=== Working data ===

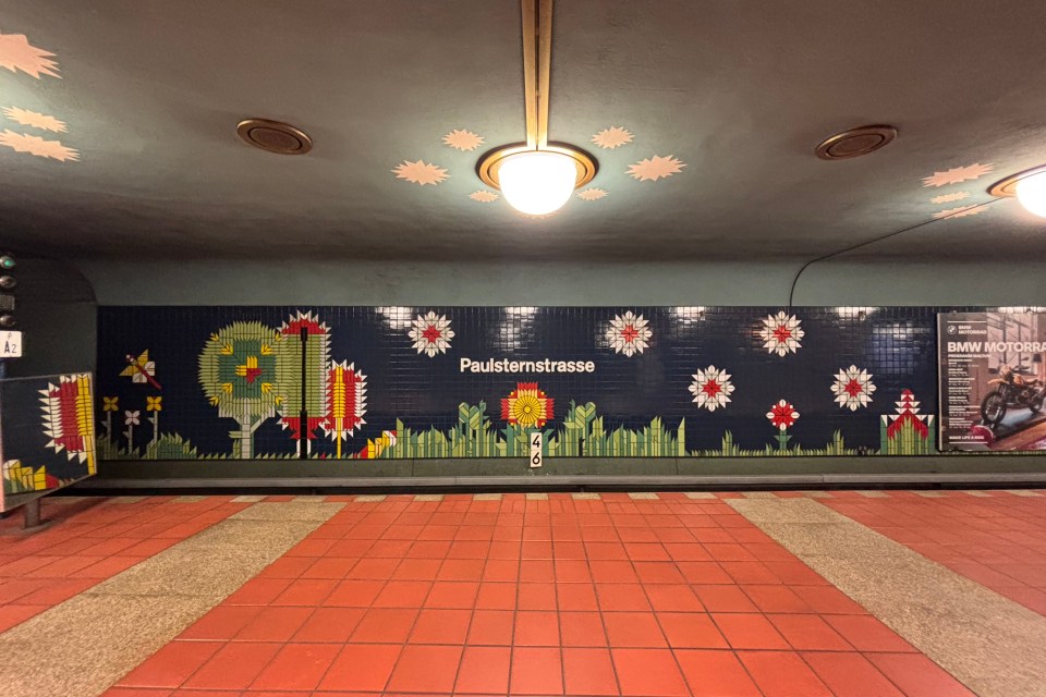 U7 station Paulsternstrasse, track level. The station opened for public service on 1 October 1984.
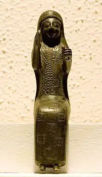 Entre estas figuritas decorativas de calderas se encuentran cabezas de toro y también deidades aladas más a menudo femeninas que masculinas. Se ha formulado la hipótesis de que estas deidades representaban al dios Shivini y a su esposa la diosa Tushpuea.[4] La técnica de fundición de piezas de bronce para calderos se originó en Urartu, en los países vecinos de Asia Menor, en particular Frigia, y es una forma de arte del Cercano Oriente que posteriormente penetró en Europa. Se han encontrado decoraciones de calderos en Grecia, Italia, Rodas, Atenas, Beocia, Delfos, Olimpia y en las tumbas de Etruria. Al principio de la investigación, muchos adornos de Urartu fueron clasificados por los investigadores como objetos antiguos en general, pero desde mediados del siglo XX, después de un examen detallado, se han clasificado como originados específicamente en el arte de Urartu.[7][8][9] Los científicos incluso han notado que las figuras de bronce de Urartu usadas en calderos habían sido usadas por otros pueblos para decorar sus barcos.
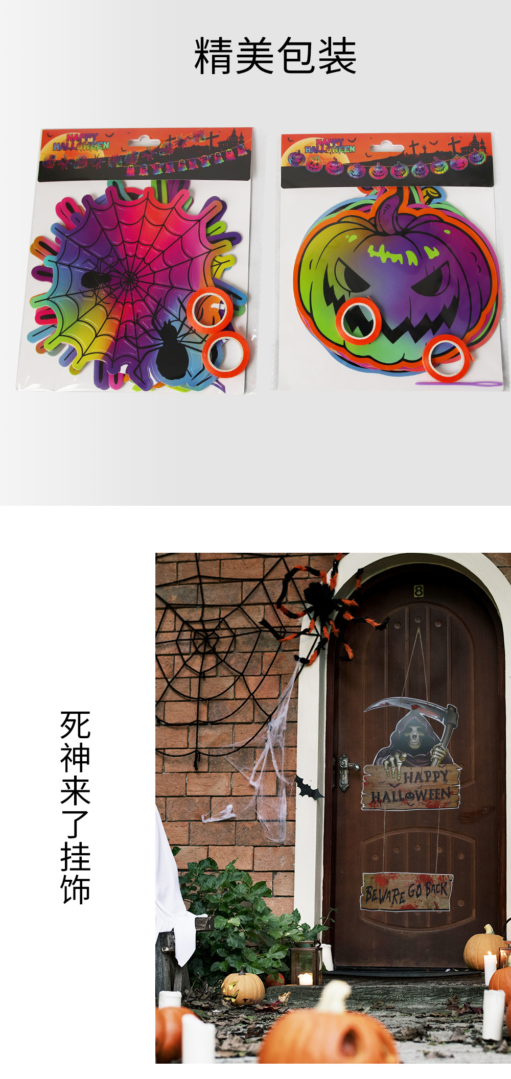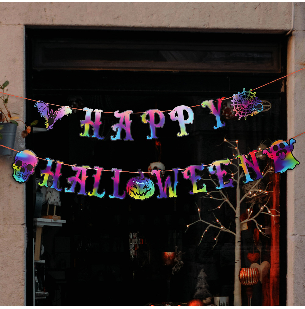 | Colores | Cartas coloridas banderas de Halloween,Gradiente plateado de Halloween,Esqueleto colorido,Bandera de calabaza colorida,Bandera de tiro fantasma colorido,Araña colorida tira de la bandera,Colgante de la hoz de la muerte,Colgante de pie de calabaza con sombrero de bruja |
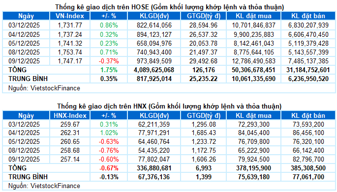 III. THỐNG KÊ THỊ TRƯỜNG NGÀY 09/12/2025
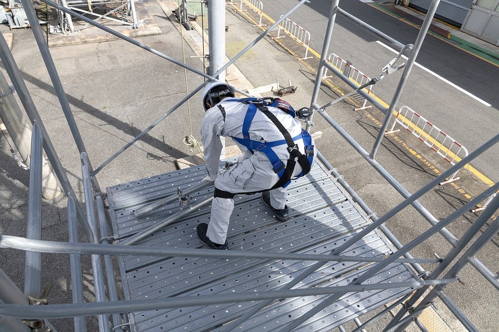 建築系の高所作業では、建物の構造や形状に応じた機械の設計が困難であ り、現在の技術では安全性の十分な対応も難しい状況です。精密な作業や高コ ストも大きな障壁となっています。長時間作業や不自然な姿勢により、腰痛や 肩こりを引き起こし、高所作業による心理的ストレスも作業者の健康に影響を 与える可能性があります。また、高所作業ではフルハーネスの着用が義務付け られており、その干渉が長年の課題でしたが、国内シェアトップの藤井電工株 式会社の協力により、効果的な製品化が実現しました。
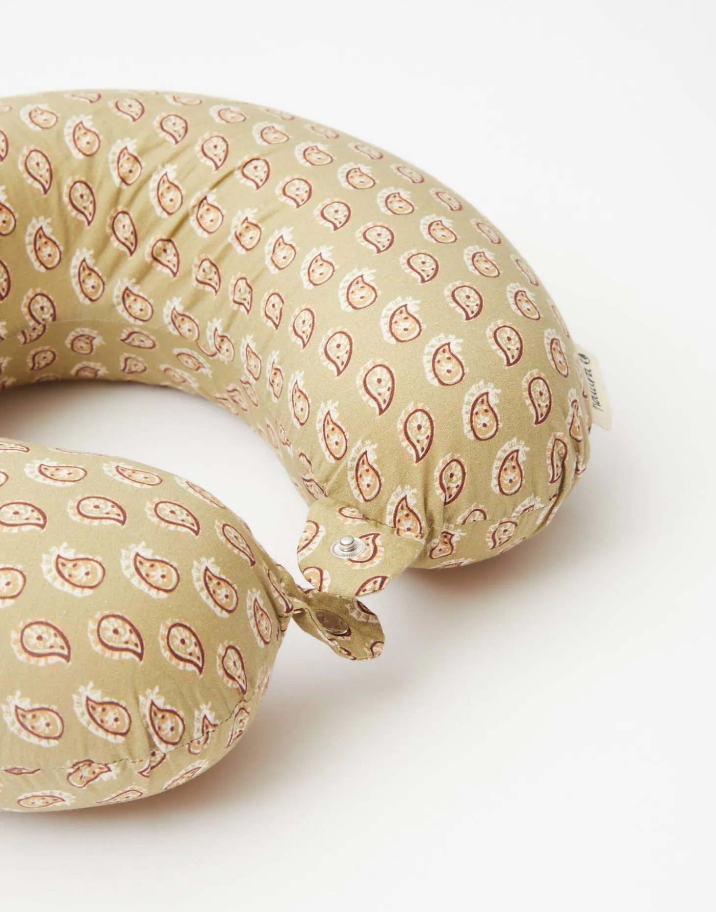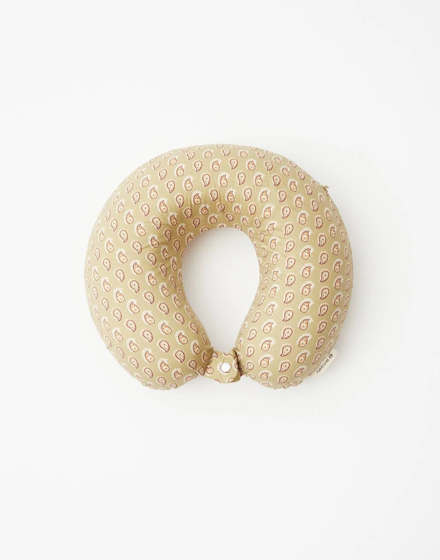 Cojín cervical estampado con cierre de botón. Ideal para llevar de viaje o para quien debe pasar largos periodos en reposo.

===

● What this task involves
Where the line containing "sombrero de bruja |" appears, begin copying there and continue exactly through the final line of the records; both end lines belong in the copy, pictures do not.

● Answer area
 | Colores | Cartas coloridas banderas de Halloween,Gradiente plateado de Halloween,Esqueleto colorido,Bandera de calabaza colorida,Bandera de tiro fantasma colorido,Araña colorida tira de la bandera,Colgante de la hoz de la muerte,Colgante de pie de calabaza con sombrero de bruja |
 III. THỐNG KÊ THỊ TRƯỜNG NGÀY 09/12/2025
 建築系の高所作業では、建物の構造や形状に応じた機械の設計が困難であ り、現在の技術では安全性の十分な対応も難しい状況です。精密な作業や高コ ストも大きな障壁となっています。長時間作業や不自然な姿勢により、腰痛や 肩こりを引き起こし、高所作業による心理的ストレスも作業者の健康に影響を 与える可能性があります。また、高所作業ではフルハーネスの着用が義務付け られており、その干渉が長年の課題でしたが、国内シェアトップの藤井電工株 式会社の協力により、効果的な製品化が実現しました。
 Cojín cervical estampado con cierre de botón. Ideal para llevar de viaje o para quien debe pasar largos periodos en reposo.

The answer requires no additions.